- **Work request**: Nothing but the lines from the one with "It was one am" through the end of the data should be set down, each exactly as written, and no picture should be included.

(Exercise data begins)

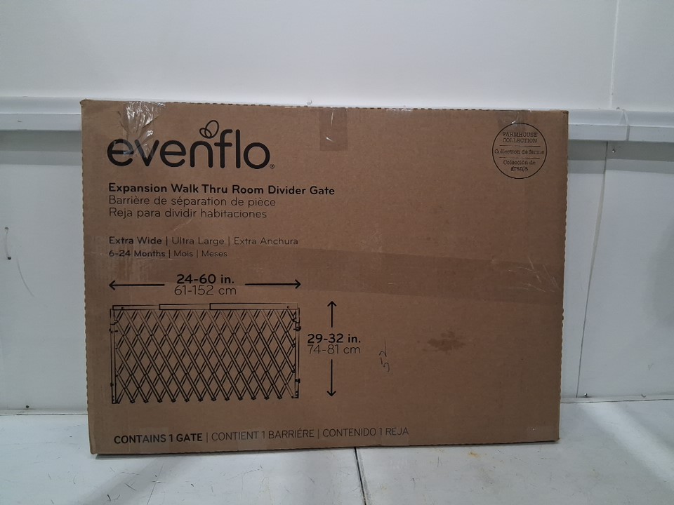 EVENFLO WALK THRU EXPANSION FOLDING BABY/PET GATE - 32" X 24" TO 60" - FARMHOUSE COLLECTION BROWN (MODEL: 1603200)
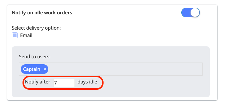 Review and adjust idle work order thresholds based on your agency's typical response times
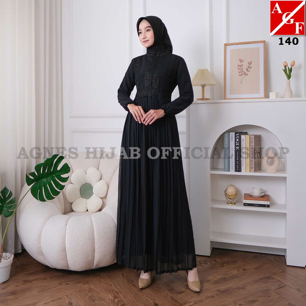 Agnes Hijab - Fujhy Dress Gamis Putih Lebaran 2026 Terbaru Baju Muslim Wanita Dewasa Mewah Abaya Hitam Pesta Kondangan H
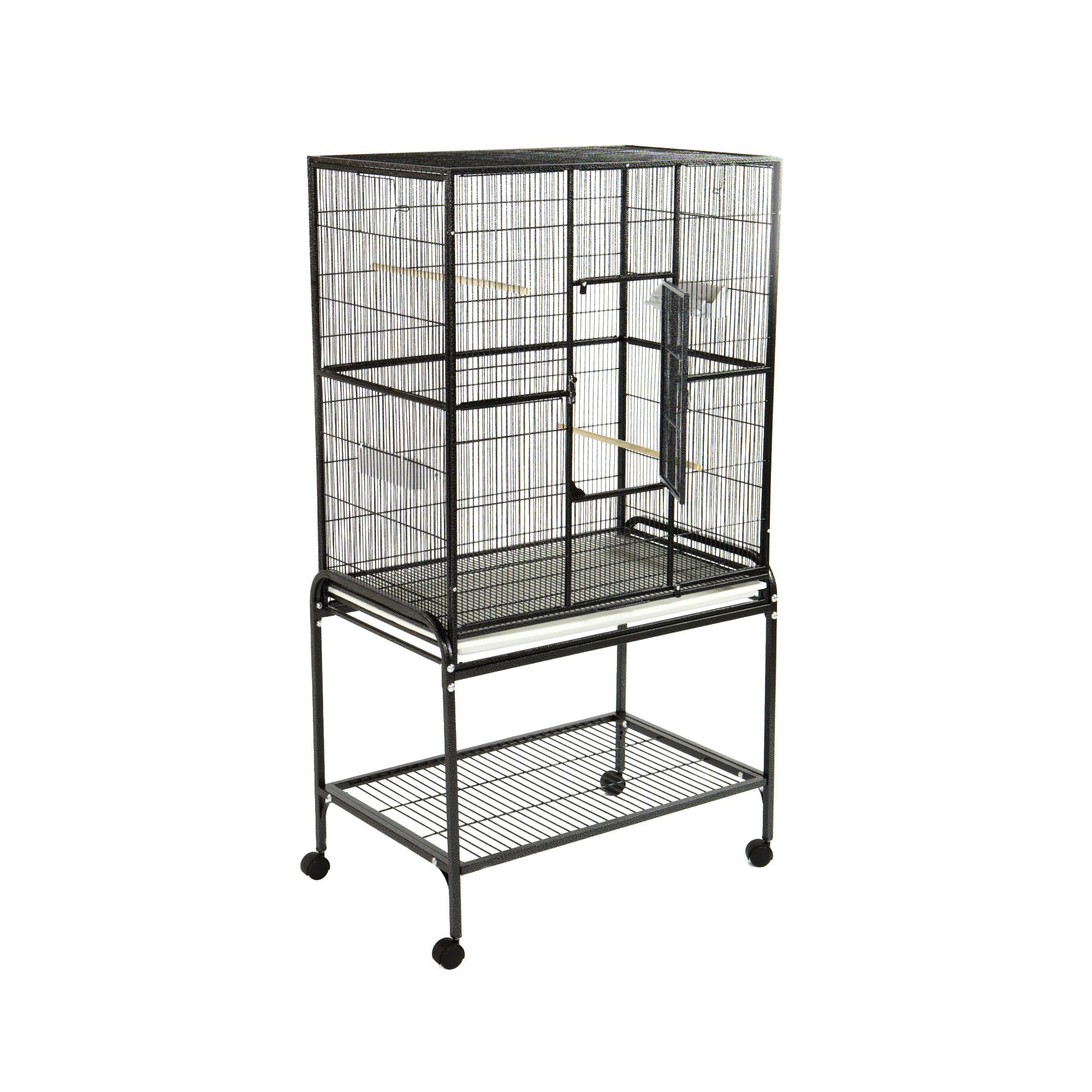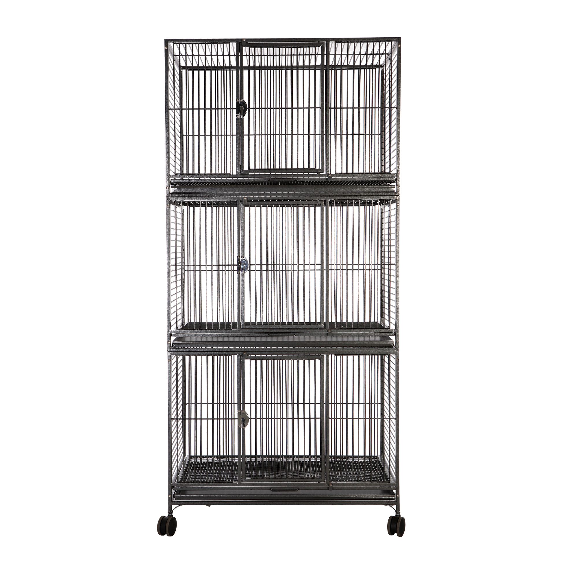 Features: Configurable up to 6 separate units to hold multiple birds. Large central door on each cage. Small swing–out front doors. Removable grates and trays for easy cleaning. 12 feeder doors. 4 easy rolling casters. Non–toxic, durable and safe powder coated finish
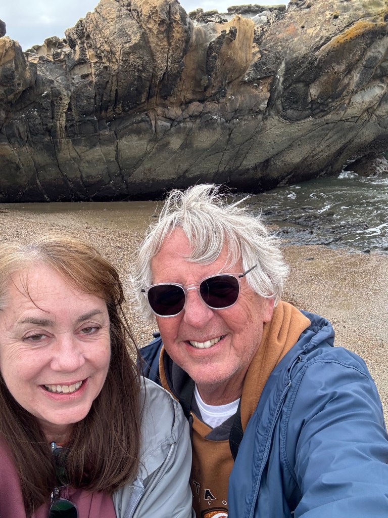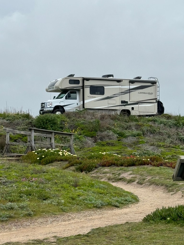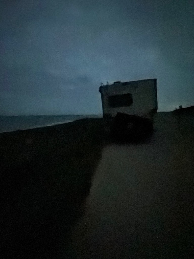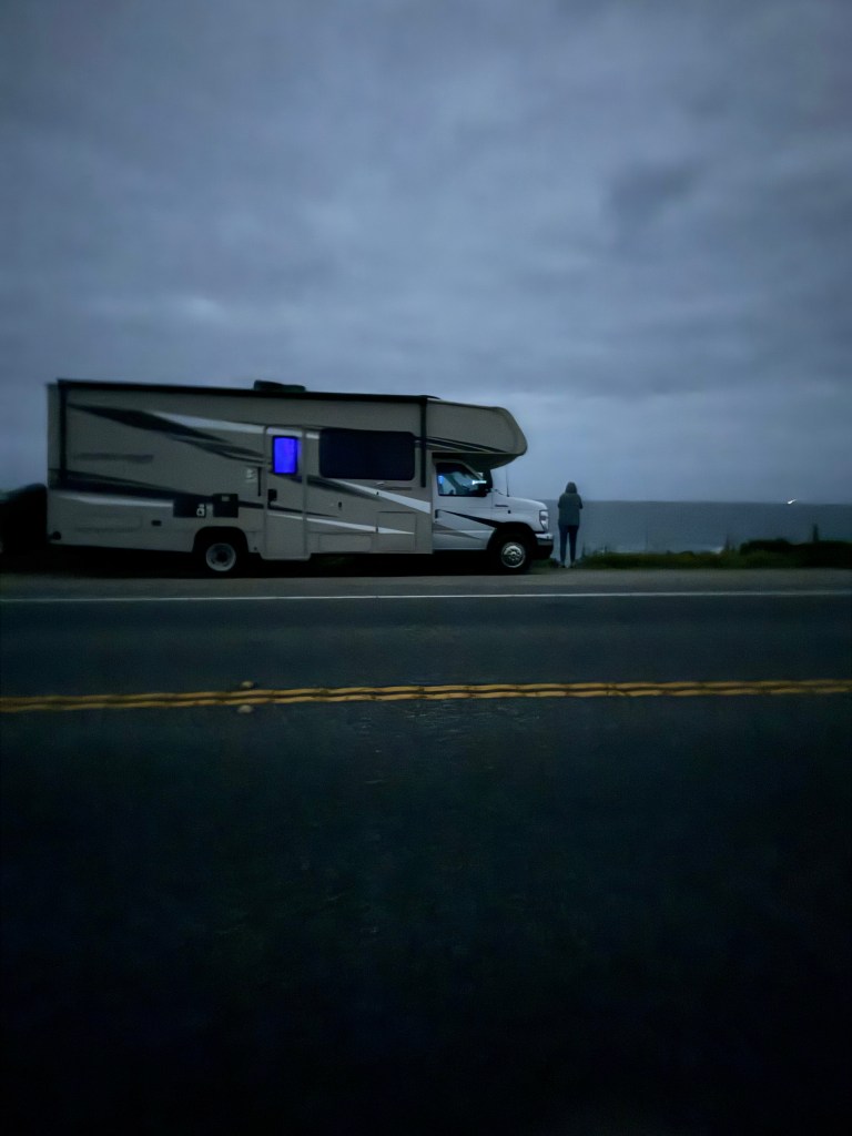 It was one am when we finally reached the west coast, Pacific side. Somehow, this one escaped us until I reflected on it. Perhaps because we were new at RVing or just so worn from the drive, we had no plan but to find anywhere we could be legal and safe. At one a.m., we drove north on the PCH for about thirty miles. We turned back to Santa Cruz down the PCH again; it was dark, foggy, and cool, with ocean air blowing west to east. The waves made sounds I’d never heard the ocean make before: the water crashed on the rocks and cliff sides below, making a hollow, echoing roar with a swish, fading with another crash before the first faded. Over and over, Sherrie, we have to find a place to stop. She had been quietly on the computer navigation system, satellite-driven, of course. She said in the dark to me as I eased down the PCH, “Slow down a bit, there’s something on the right coming up.” “What did I reply?” she told me she was looking over a mapping of the roads database from the Road Trippers app, and she said, “You’ve passed this already, northbound.” “Past what?” I said again.
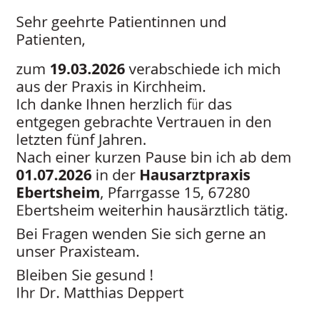 zum 19.03.2026 verabschiede ich mich aus der Praxis in Kirchheim. Ich danke Ihnen herzlich für das entgegen gebrachte Vertrauen in den letzten fünf Jahren.
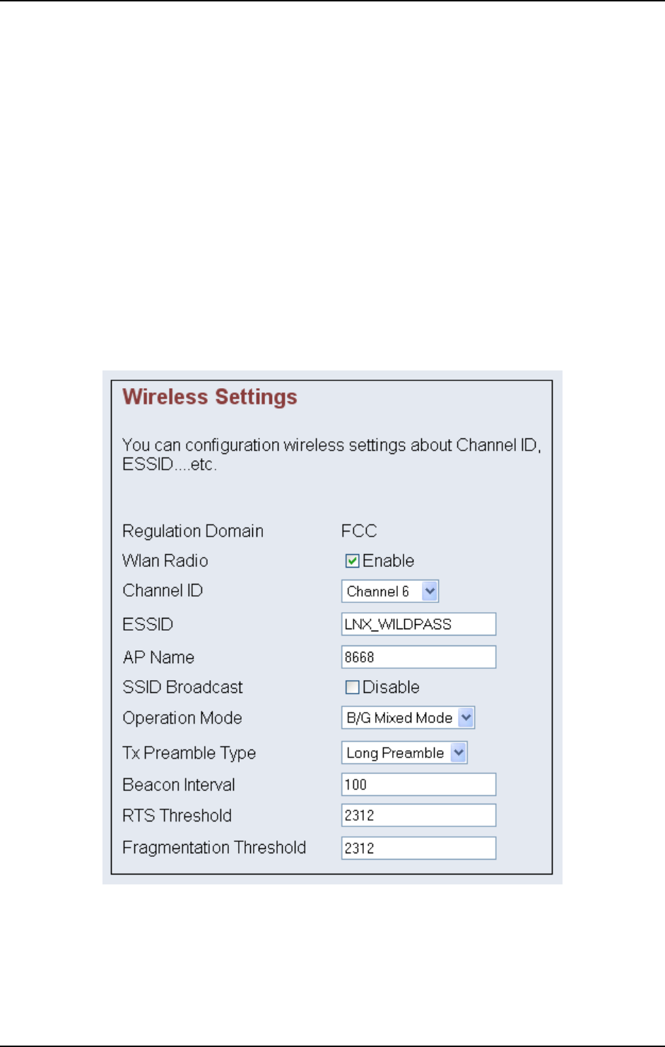 The ESSID is set as “LNX_WILDPASS” by default. It can be changed. ESSID is wireless

(Exercise data ends)

- **Output**:
 It was one am when we finally reached the west coast, Pacific side. Somehow, this one escaped us until I reflected on it. Perhaps because we were new at RVing or just so worn from the drive, we had no plan but to find anywhere we could be legal and safe. At one a.m., we drove north on the PCH for about thirty miles. We turned back to Santa Cruz down the PCH again; it was dark, foggy, and cool, with ocean air blowing west to east. The waves made sounds I’d never heard the ocean make before: the water crashed on the rocks and cliff sides below, making a hollow, echoing roar with a swish, fading with another crash before the first faded. Over and over, Sherrie, we have to find a place to stop. She had been quietly on the computer navigation system, satellite-driven, of course. She said in the dark to me as I eased down the PCH, “Slow down a bit, there’s something on the right coming up.” “What did I reply?” she told me she was looking over a mapping of the roads database from the Road Trippers app, and she said, “You’ve passed this already, northbound.” “Past what?” I said again.
 zum 19.03.2026 verabschiede ich mich aus der Praxis in Kirchheim. Ich danke Ihnen herzlich für das entgegen gebrachte Vertrauen in den letzten fünf Jahren.
 The ESSID is set as “LNX_WILDPASS” by default. It can be changed. ESSID is wireless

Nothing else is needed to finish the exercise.